→ Assigned task: In the data below, locate the line containing "The retail design" and the line containing "During the restoration, rustic", then retype both and everything between them exactly. Pictures are not part of the copy.

→ Information shown:
◇ ◇ ◇

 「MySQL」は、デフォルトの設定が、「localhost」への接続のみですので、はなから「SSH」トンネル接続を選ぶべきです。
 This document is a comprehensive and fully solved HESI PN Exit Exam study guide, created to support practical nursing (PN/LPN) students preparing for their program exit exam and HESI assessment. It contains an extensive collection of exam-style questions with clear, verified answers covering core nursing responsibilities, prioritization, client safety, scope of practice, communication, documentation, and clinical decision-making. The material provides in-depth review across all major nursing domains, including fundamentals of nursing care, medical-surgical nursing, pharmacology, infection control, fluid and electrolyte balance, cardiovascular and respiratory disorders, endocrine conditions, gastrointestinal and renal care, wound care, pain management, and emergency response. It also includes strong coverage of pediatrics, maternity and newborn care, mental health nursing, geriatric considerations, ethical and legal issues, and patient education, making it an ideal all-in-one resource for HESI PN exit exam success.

◇ ◇ ◇

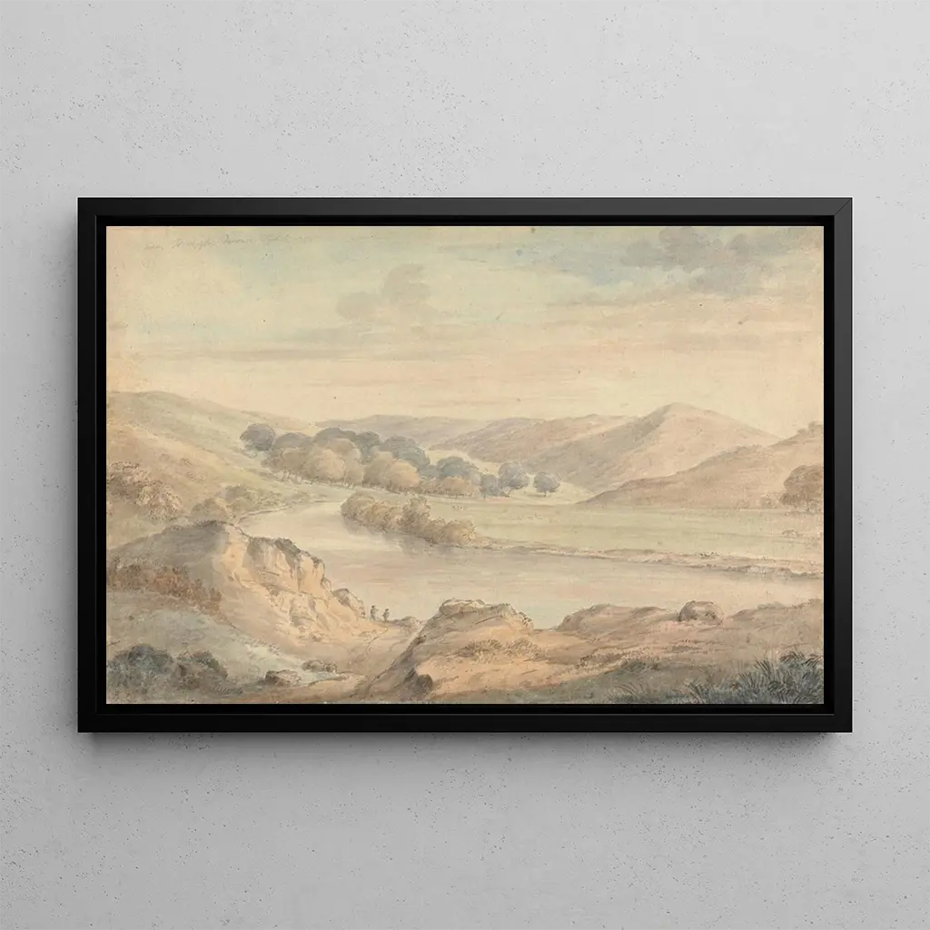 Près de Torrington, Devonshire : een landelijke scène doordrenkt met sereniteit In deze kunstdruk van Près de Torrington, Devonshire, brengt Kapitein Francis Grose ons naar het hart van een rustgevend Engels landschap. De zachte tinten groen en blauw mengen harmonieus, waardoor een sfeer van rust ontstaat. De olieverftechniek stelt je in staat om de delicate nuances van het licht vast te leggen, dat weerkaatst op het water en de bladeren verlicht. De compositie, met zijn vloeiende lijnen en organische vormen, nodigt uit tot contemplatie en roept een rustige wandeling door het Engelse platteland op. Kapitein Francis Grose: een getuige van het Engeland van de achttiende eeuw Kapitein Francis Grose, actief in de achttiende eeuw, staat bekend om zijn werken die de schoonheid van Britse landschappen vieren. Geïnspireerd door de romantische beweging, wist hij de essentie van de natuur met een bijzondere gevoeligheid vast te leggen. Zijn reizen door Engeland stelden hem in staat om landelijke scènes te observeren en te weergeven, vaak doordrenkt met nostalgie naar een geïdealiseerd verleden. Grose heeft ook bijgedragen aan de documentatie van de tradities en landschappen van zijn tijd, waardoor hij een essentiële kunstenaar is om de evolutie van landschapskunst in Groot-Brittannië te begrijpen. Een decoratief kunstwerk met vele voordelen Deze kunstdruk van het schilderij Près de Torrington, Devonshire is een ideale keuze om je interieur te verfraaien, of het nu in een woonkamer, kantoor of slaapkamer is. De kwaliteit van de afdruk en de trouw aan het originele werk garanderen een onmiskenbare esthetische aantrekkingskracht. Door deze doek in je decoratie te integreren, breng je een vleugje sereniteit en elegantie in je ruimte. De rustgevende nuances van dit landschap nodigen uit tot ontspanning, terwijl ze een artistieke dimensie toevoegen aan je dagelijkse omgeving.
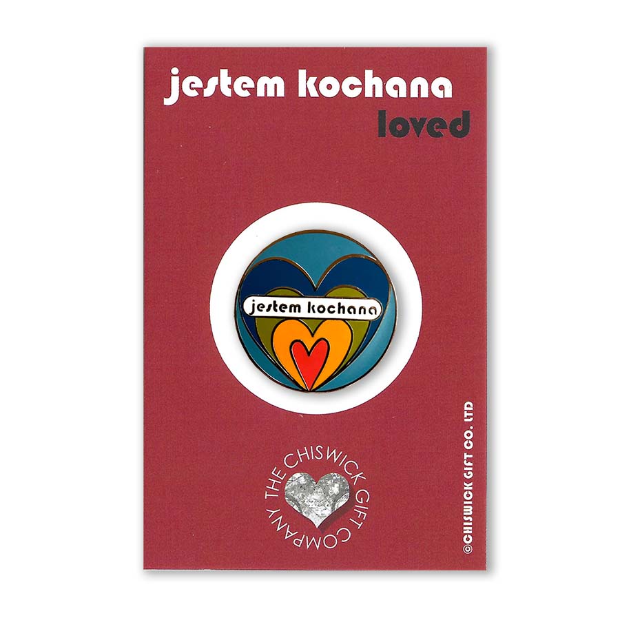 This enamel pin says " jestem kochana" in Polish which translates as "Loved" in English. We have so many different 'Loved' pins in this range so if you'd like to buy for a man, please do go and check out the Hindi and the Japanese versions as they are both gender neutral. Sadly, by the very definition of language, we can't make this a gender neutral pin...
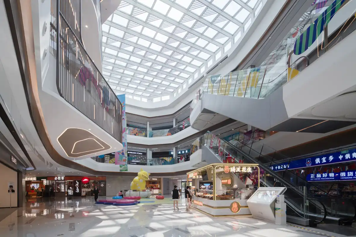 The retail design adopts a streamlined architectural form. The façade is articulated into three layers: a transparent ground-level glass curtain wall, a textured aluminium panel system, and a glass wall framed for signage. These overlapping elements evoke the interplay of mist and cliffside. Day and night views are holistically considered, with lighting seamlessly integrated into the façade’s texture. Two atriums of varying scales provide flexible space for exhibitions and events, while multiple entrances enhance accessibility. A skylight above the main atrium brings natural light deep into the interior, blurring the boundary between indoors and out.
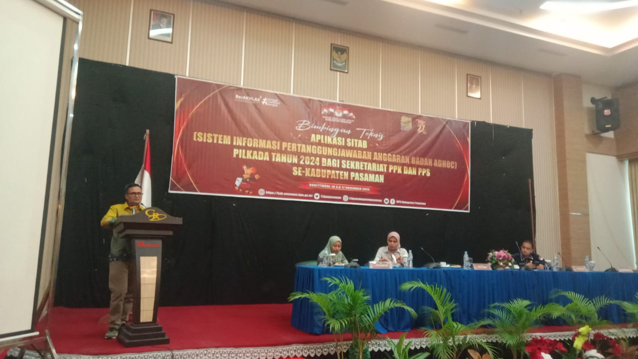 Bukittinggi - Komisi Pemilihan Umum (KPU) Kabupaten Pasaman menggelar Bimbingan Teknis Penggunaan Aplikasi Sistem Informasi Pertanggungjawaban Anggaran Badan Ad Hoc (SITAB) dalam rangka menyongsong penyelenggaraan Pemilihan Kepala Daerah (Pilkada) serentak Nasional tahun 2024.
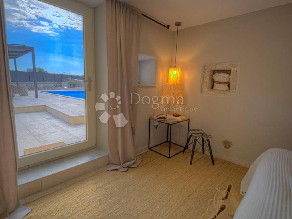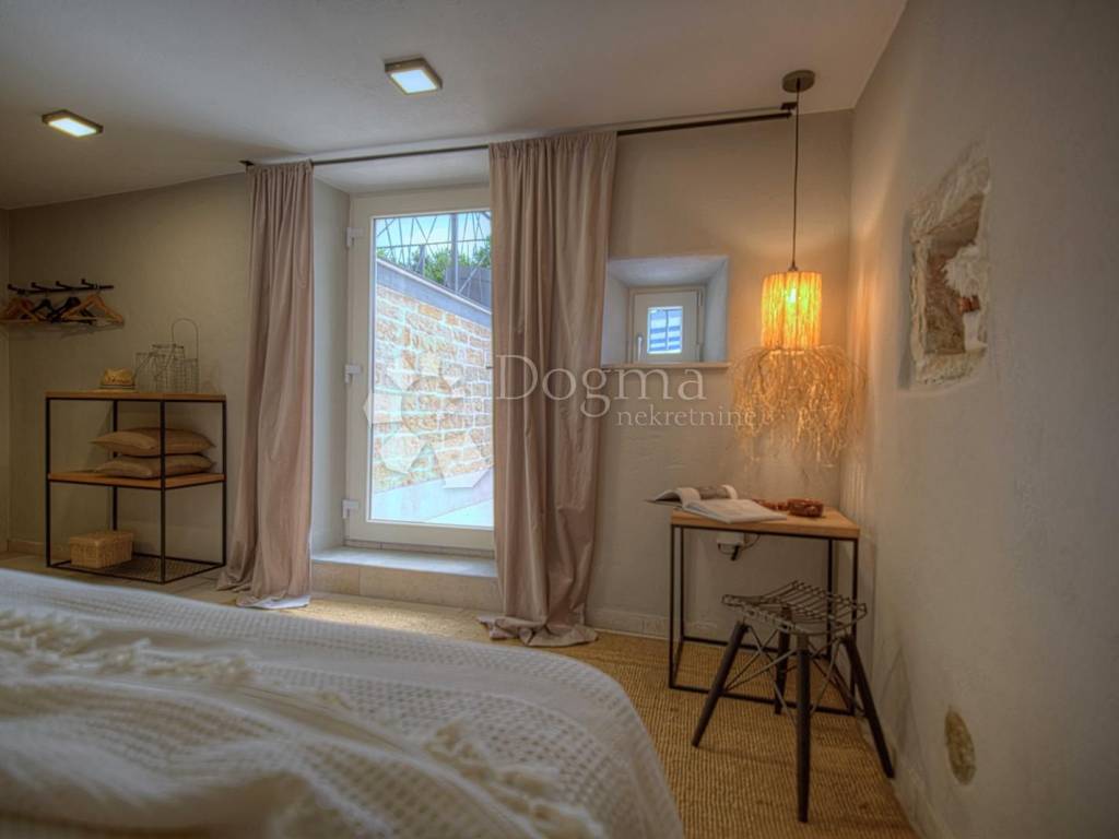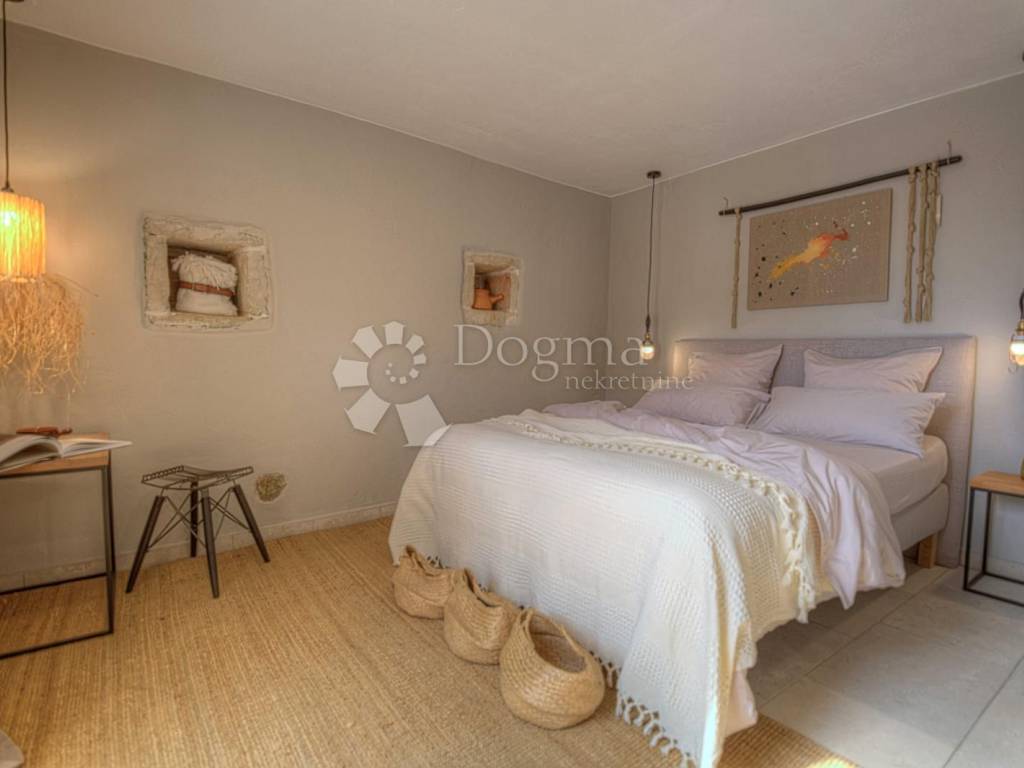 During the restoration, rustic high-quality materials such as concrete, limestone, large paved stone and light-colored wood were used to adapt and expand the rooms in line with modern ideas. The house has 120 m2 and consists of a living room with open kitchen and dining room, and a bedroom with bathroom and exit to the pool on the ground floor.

◇ ◇ ◇

→ Exercise answer:
 The retail design adopts a streamlined architectural form. The façade is articulated into three layers: a transparent ground-level glass curtain wall, a textured aluminium panel system, and a glass wall framed for signage. These overlapping elements evoke the interplay of mist and cliffside. Day and night views are holistically considered, with lighting seamlessly integrated into the façade’s texture. Two atriums of varying scales provide flexible space for exhibitions and events, while multiple entrances enhance accessibility. A skylight above the main atrium brings natural light deep into the interior, blurring the boundary between indoors and out.
 Bukittinggi - Komisi Pemilihan Umum (KPU) Kabupaten Pasaman menggelar Bimbingan Teknis Penggunaan Aplikasi Sistem Informasi Pertanggungjawaban Anggaran Badan Ad Hoc (SITAB) dalam rangka menyongsong penyelenggaraan Pemilihan Kepala Daerah (Pilkada) serentak Nasional tahun 2024.
 During the restoration, rustic high-quality materials such as concrete, limestone, large paved stone and light-colored wood were used to adapt and expand the rooms in line with modern ideas. The house has 120 m2 and consists of a living room with open kitchen and dining room, and a bedroom with bathroom and exit to the pool on the ground floor.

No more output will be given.